YOUR ASSIGNMENT:
Could you write out the listing below exactly as it stands, leaving out the pictures?

DATASET SECTION:
__________________________________________________

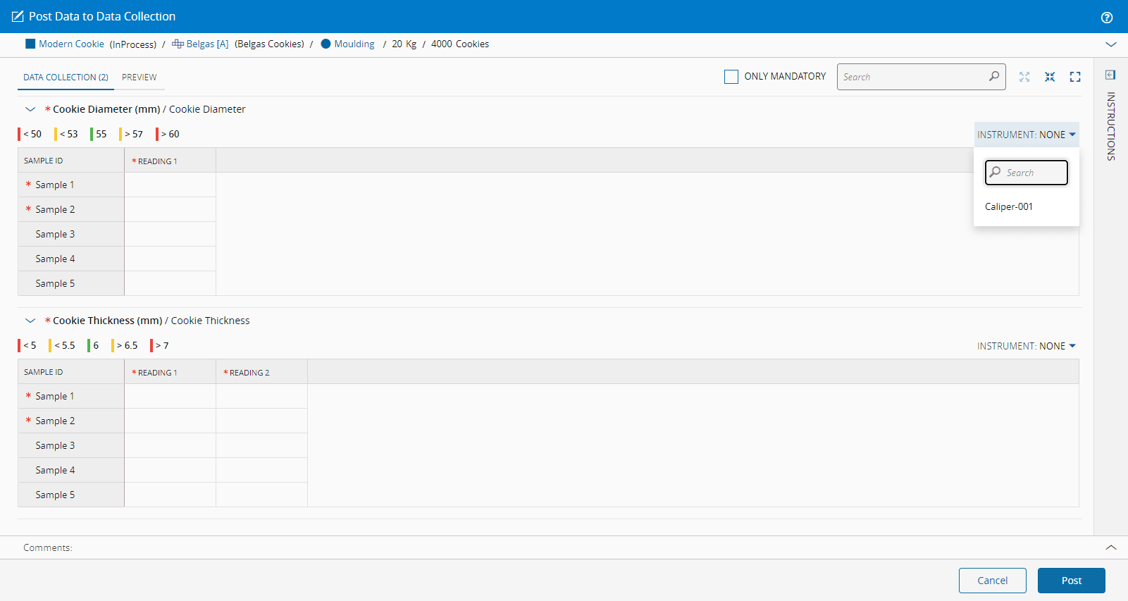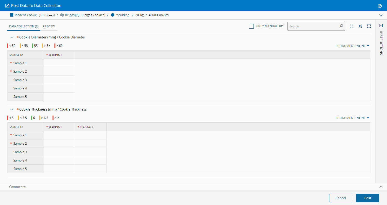 In this example, we will be collecting data at the Moulding Step of the Cookies Flow:
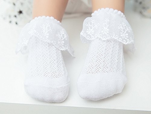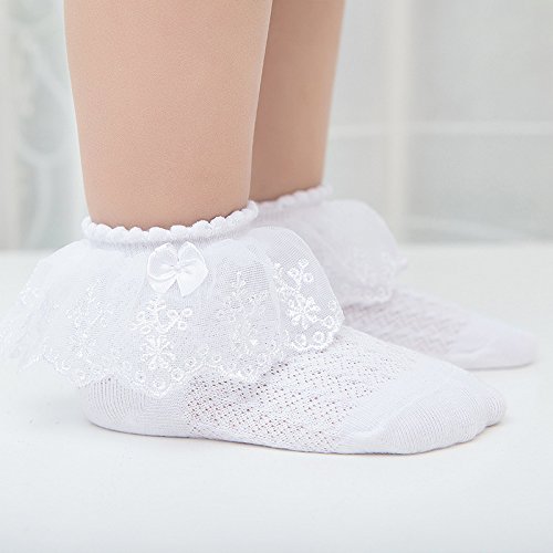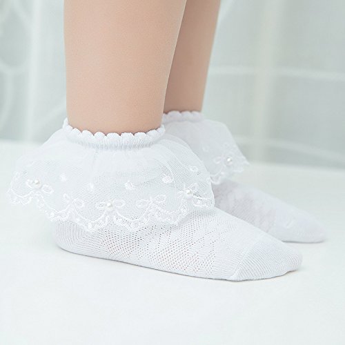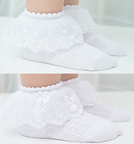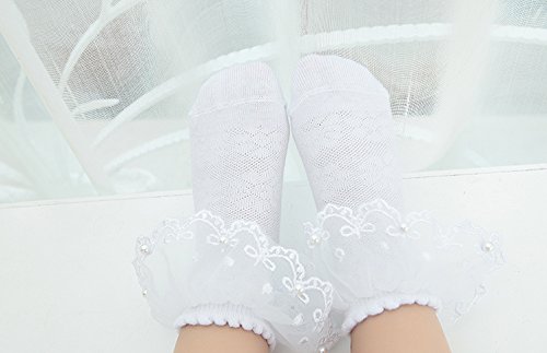 (2足セット) NEMO Baby かわいい レース編み 靴下 「リボン付き パール付き」 フリル キッズ 女の子 幼児用 ベビー ガールズ おしゃれ (M, ホワイト)
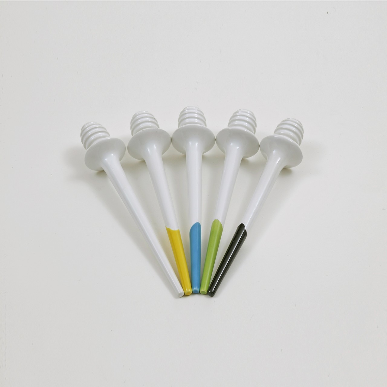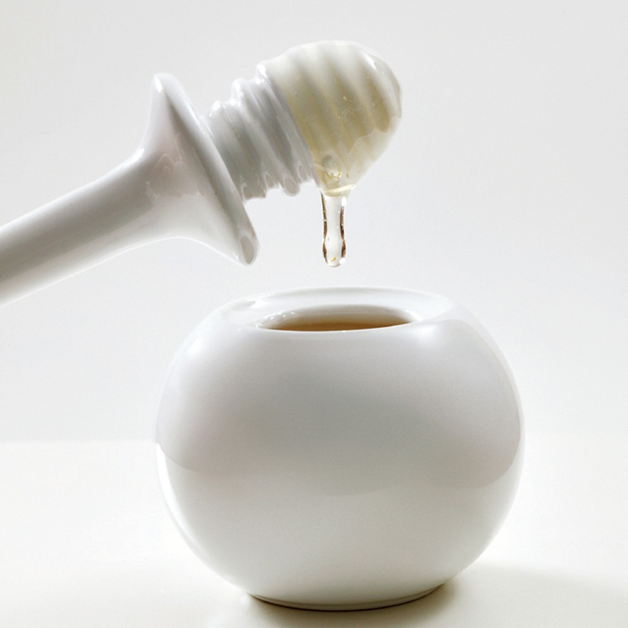 Mielito è un dosatore per il miele in ceramica elegante e pratico, caratterizzato da una nota di colore su fondo bianco che ricorda una traccia lasciata da un anonimo mangiatore di miele.

__________________________________________________

EXERCISE OUTPUT:
 In this example, we will be collecting data at the Moulding Step of the Cookies Flow:
 (2足セット) NEMO Baby かわいい レース編み 靴下 「リボン付き パール付き」 フリル キッズ 女の子 幼児用 ベビー ガールズ おしゃれ (M, ホワイト)
 Mielito è un dosatore per il miele in ceramica elegante e pratico, caratterizzato da una nota di colore su fondo bianco che ricorda una traccia lasciata da un anonimo mangiatore di miele.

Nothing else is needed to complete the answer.